Collected data entries:
********
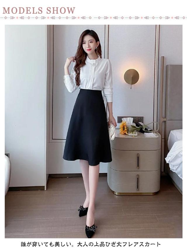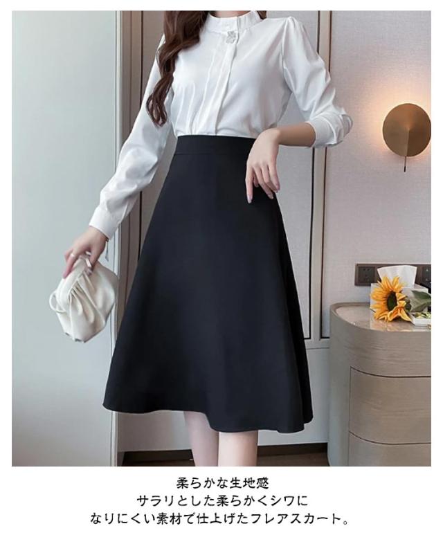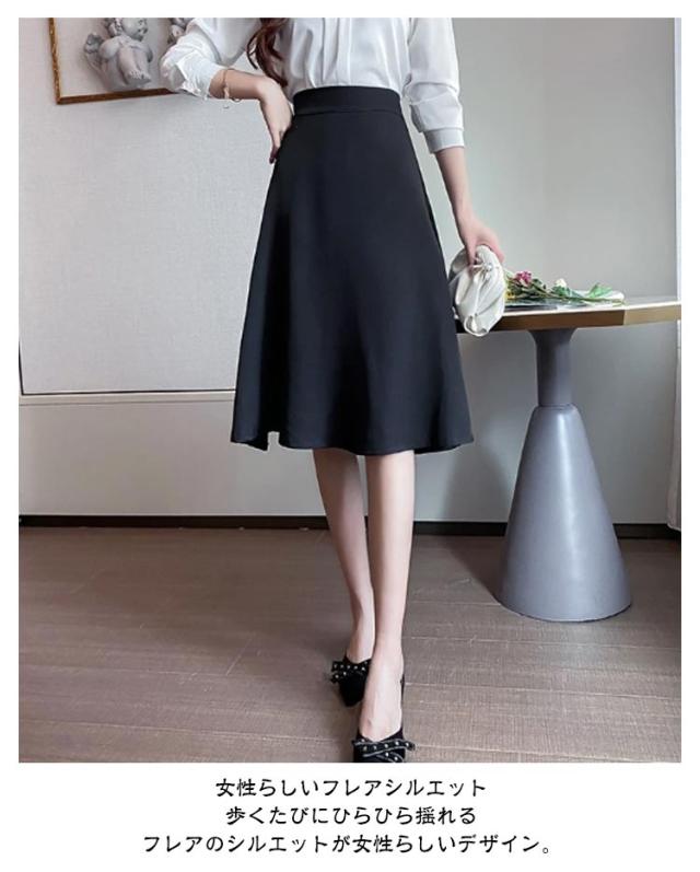 フレアスカート ボトムス 上品 きれいめ ビジネススーツ 黒 通勤 OL 30代 40代 仕事 50代 レディース ミセス 事務服 スカート 制服 春 秋 冬 大きいサイズ ビジネス おしゃれ 美脚 細見え フレアスカート プレゼント ギフト
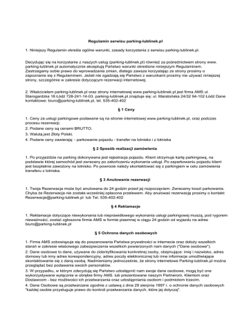 1. Niniejszy Regulamin określa ogólne warunki, zasady korzystania z serwisu parkinglublinek.pl.
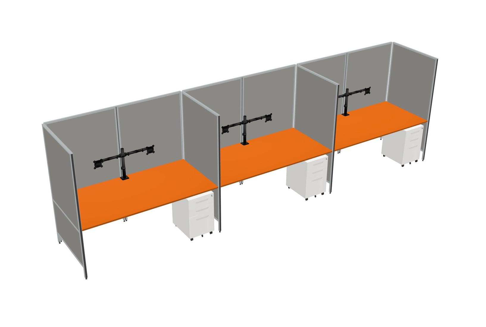 Système De Panneaux Flexibles Orange Pour 3 Tiroirs Mobiles En Métal Et Bras D'écran (bras Doubles)
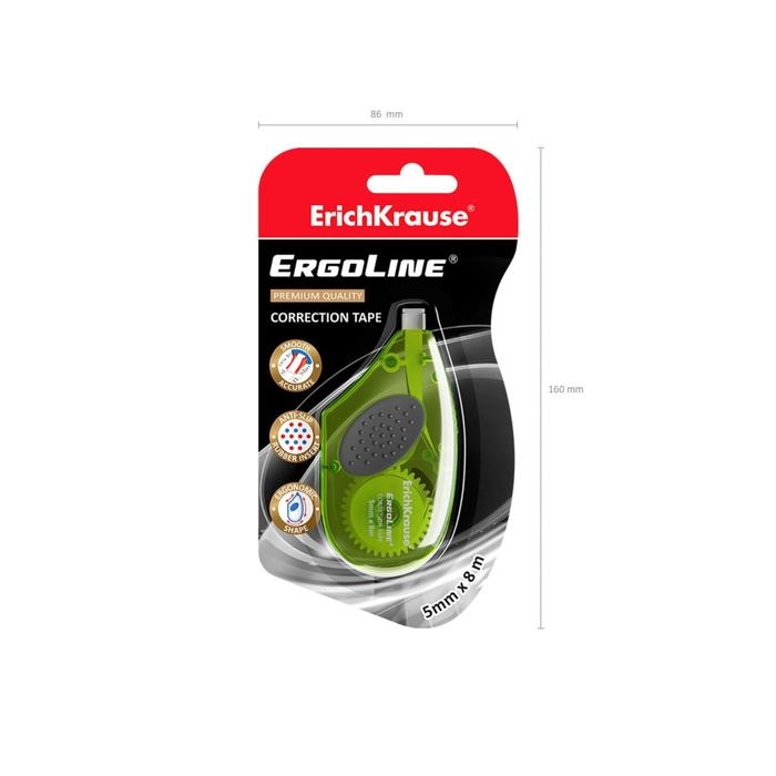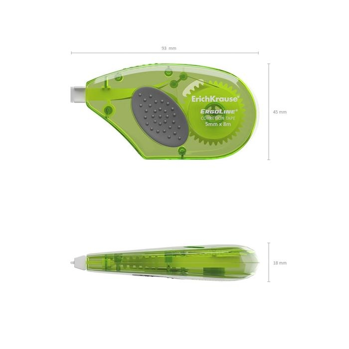 Корректирующая лента 5 мм х 8 м, ErichKrause ErgoLine, с резиновой вставкой, корпус салатовый, блистер
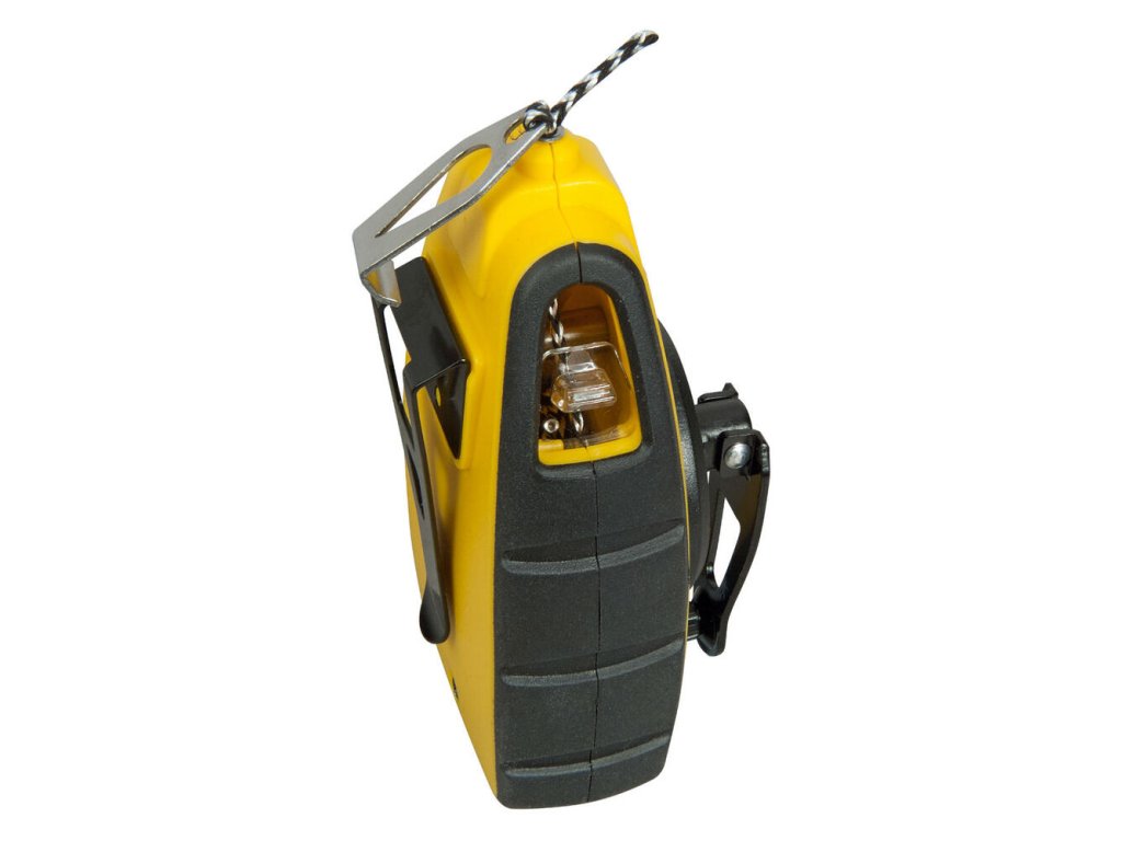 - Skládací klička sa počas nečinnosti zaklapne do pouzdra lajnovací šňůry
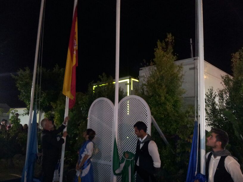 El público ya estaba en el ferial desde bastante tiempo antes de que la comitiva llegara para la inauguración y el encendido del alumbrado.Alumbrado que este año cuenta de nuevo después de un año ausente,con la portada de nuestra feria,en ella se congregó el público para poder ver el izado de banderas y el "pistoletazo" de salida para esta Feria 2013.Le entrada del ferial se veÃa pobre porque casetas que siempre estuvieron ahÃ,este año por motivos de crisis no se han montado,menos mal que en la rotonda principal,el salinero y la salinera daban otro aire.Por lo demás la asistencia de público fue aceptable dado que ayer y hoy son dÃas laborables.
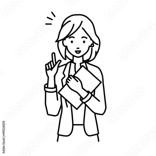 point, hint, flair, business, aware, idea, work, ol, employee, manager, understanding, white background, cut-out, illustration, vector, flat, forefinger, document, board, work, people, woman, 30s, front, waist up, stood, smile, career woman, carrier, jacket, casual, advisory, neck, boss, colleague, secondary, black-and-white
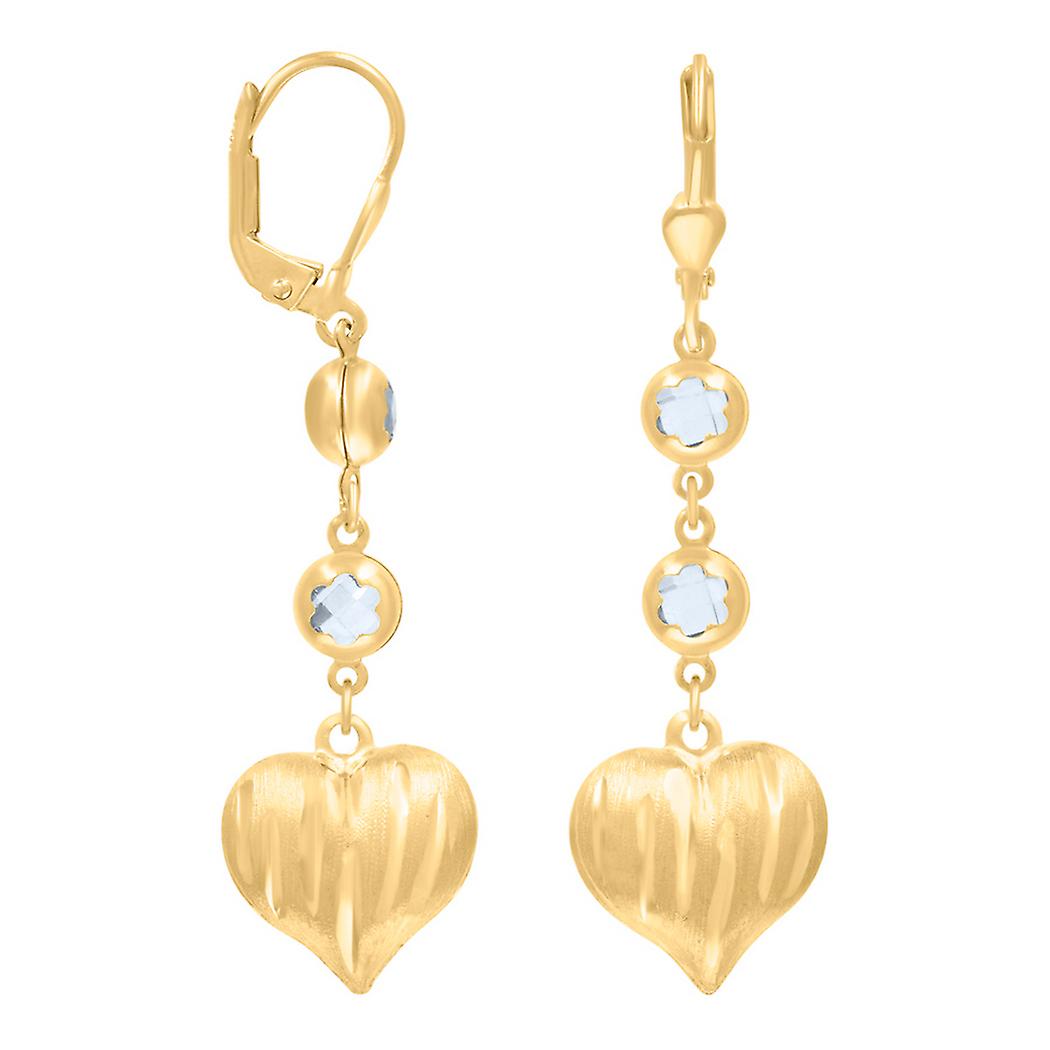 10k Yellow Gold Womens Cubic Zirconia Love Heart Dangle Leverback Earrings 48.9x12.9mm Wide-Dangle Earring for Women
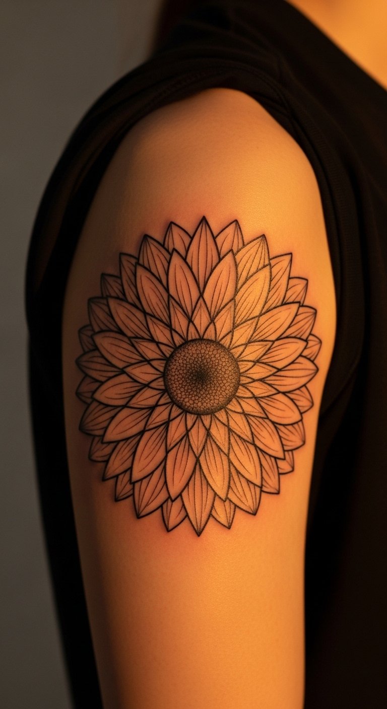 A geometric sunflower mandala tattoo adds symmetry to your arm. Begin by tracing circles on paper. Use a ruler for even lines. This helps plan the design. Pick up affordable stencils from a craft store for $2. They make drawing easier. If you’re ready, get a friend to help with henna. It washes off after a week. Look for artists who do mandalas locally. Check their photos first. This tattoo works great on your back. Add a small center dot for meaning. Go for black and gray to cut expenses. You could save $100 that way. Wear it as a focal point. It’s perfect for sunny days.
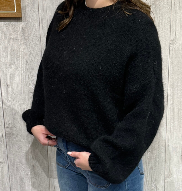 Pull noir à col rond, confectionné en laine mohair de haute qualité, offrant une chaleur douce et confortable. Resseré au niveau de la taille et des manches, il assure une silhouette féminine et soignée. Pour préserver la qualité et la douceur du mohair, le lavage en machine est fortement déconseillé.
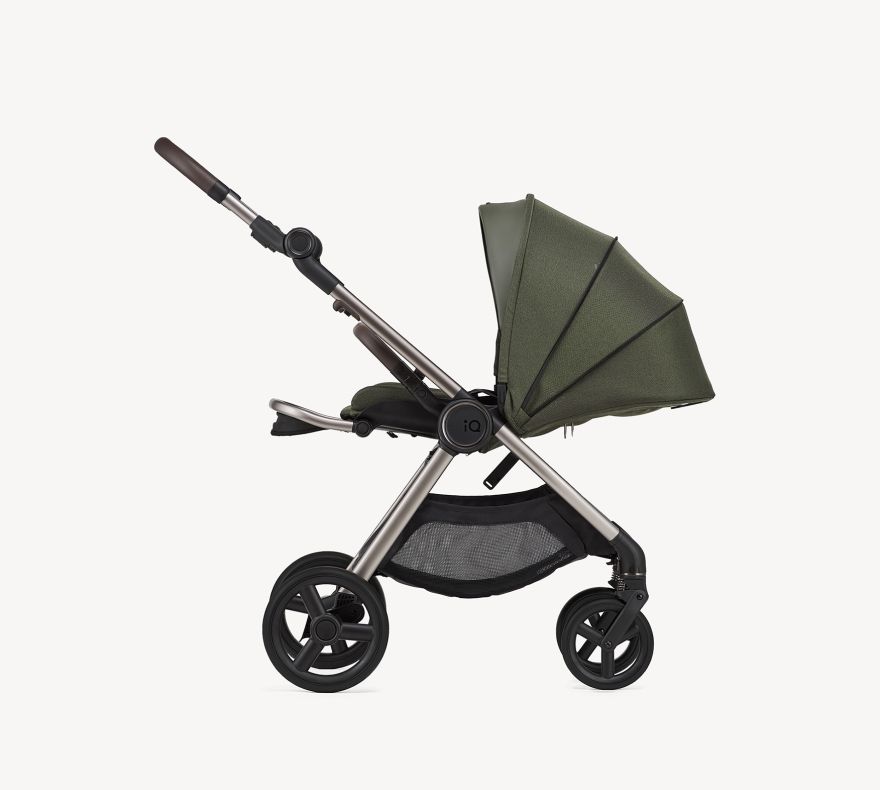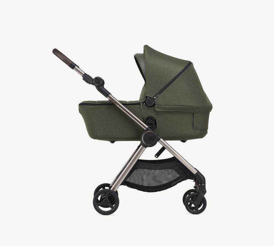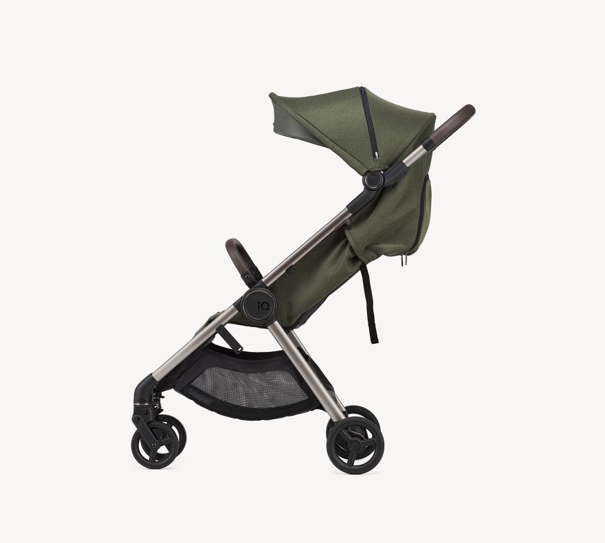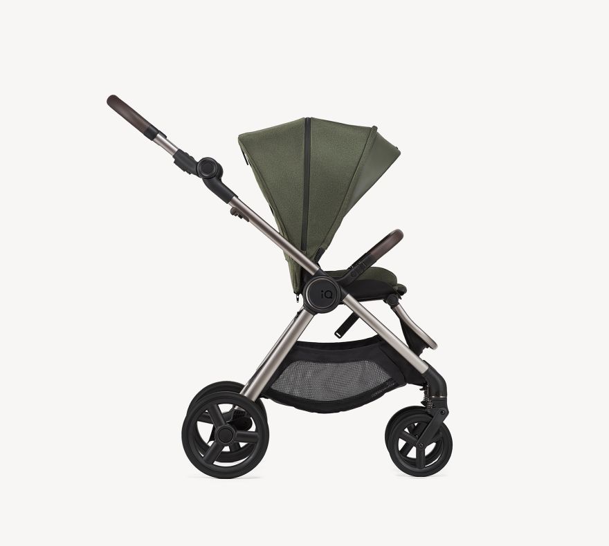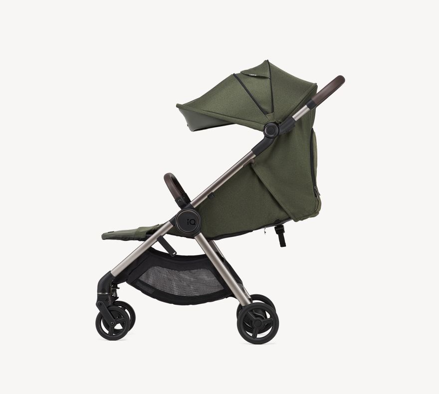 L'IQ è una navicella, un passeggino reversibile e un passeggino buggy da viaggio, tutto in uno. Leggero in ogni configurazione, permette di cambiare, abbinare e trasformarsi per adattarsi alle vostre esigenze. L'IQ è dotato di 2 set di ruote (più piccole e più grandi), che consentono di collegare uno dei due set per ottenere varie trasformazioni del passeggino.
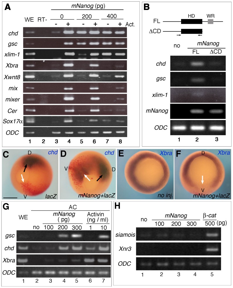 Figure 2. mNanog possesses dorsal mesoderm-inducing activity.A) RT-PCR analysis of various marker gene expressions. Expressions of chd, gsc, and xlim-1 (dorsal mesoderm markers), Xbra (pan-mesoderm marker), Xwnt8, mix, mixer (ventral mesoderm markers), Cer, and Sox17alpha (endoderm marker) were observed. Ornithine decarboxylase (ODC) was also observed as a quantitative control. 200 pg (lane 5, 6) or 400 pg (lane 7, 8) of mNanog was injected into the AC region of 2-cell embryos. ACs were dissected at stage 9, treated with 10 ng/ml of Activin A (lane 4, 6, 8), and cultured until stage 11. Whole embryo (WE; stage 11) was also examined. B) Full-length (FL) or a deletion mutant of mNanog (deltaCD) was injected and marker gene expressions were observed. Upper column shows a diagram of the mNanog construct. Filled and gray boxes indicate the homeodomain (HD) and W-repeat (WR) regions, respectively. Arrow shows the position of primers for RT-PCR. Lower column shows the result. Non-injected AC (lane 1); full-length (FL) mNanog injected (lane 2); mNanogΔCD injected (lane 3). The level of mNanog was also observed to check the precision of injection (4th column). C–F) The effects of mNanog injection on endogenous chd/Xbra expressions. Scale bar; 500 µm. Expressions of chd in stage-12 embryos injected with 800 pg of lacZ (C) alone or 200 pg of mNanog and 400 pg of lacZ (D) into the ventral marginal zone at the 4-cell stage. These patterns are representative of 17/17 (C) and 12/15 (D) embryos. Black arrow indicates endogenous chd expression. Expression of Xbra in stage-11 embryos injected with nothing (E) or 200 pg of mNanog and 400 pg of lacZ (F) into the ventral marginal zone at the 4-cell stage. These patterns are representative of 9/9 (E) and 8/11 (F) embryos. White arrow indicates the mNanog-injected region. Injected area was active-stained by Red-Gal (Except for (E)). D: Dorsal. V: Ventral. G) Comparison of mesodermal gene expressions between AC cells injected with several doses of mNanog (lane 3–5) and those treated with Activin A (lane 6, 7). We observed the expression of gsc (1st column), chd (2nd column), Xbra (3rd column), and ODC (4th column). H) mNanog did not induce target genes of early canonical Wnt signaling. 100 pg (lane 2), 200 pg (lane 3), or 300 pg (lane 4) of mNanog was injected into animal poles and dissected at stage 8. Similarly, 500 pg of ß-catenin was injected and dissected (lane 5). Transcription of siamois (1st column) and Xnr3 (2nd column) was observed.
********
--- What the task requires ---
What lines above run from the one with "1. Niniejszy Regulamin" to the one with "- Skládací klička"? Give them again exactly, ends included, and leave the pictures out.

--- Answer to this exercise ---
 1. Niniejszy Regulamin określa ogólne warunki, zasady korzystania z serwisu parkinglublinek.pl.
 Système De Panneaux Flexibles Orange Pour 3 Tiroirs Mobiles En Métal Et Bras D'écran (bras Doubles)
 Корректирующая лента 5 мм х 8 м, ErichKrause ErgoLine, с резиновой вставкой, корпус салатовый, блистер
 - Skládací klička sa počas nečinnosti zaklapne do pouzdra lajnovací šňůry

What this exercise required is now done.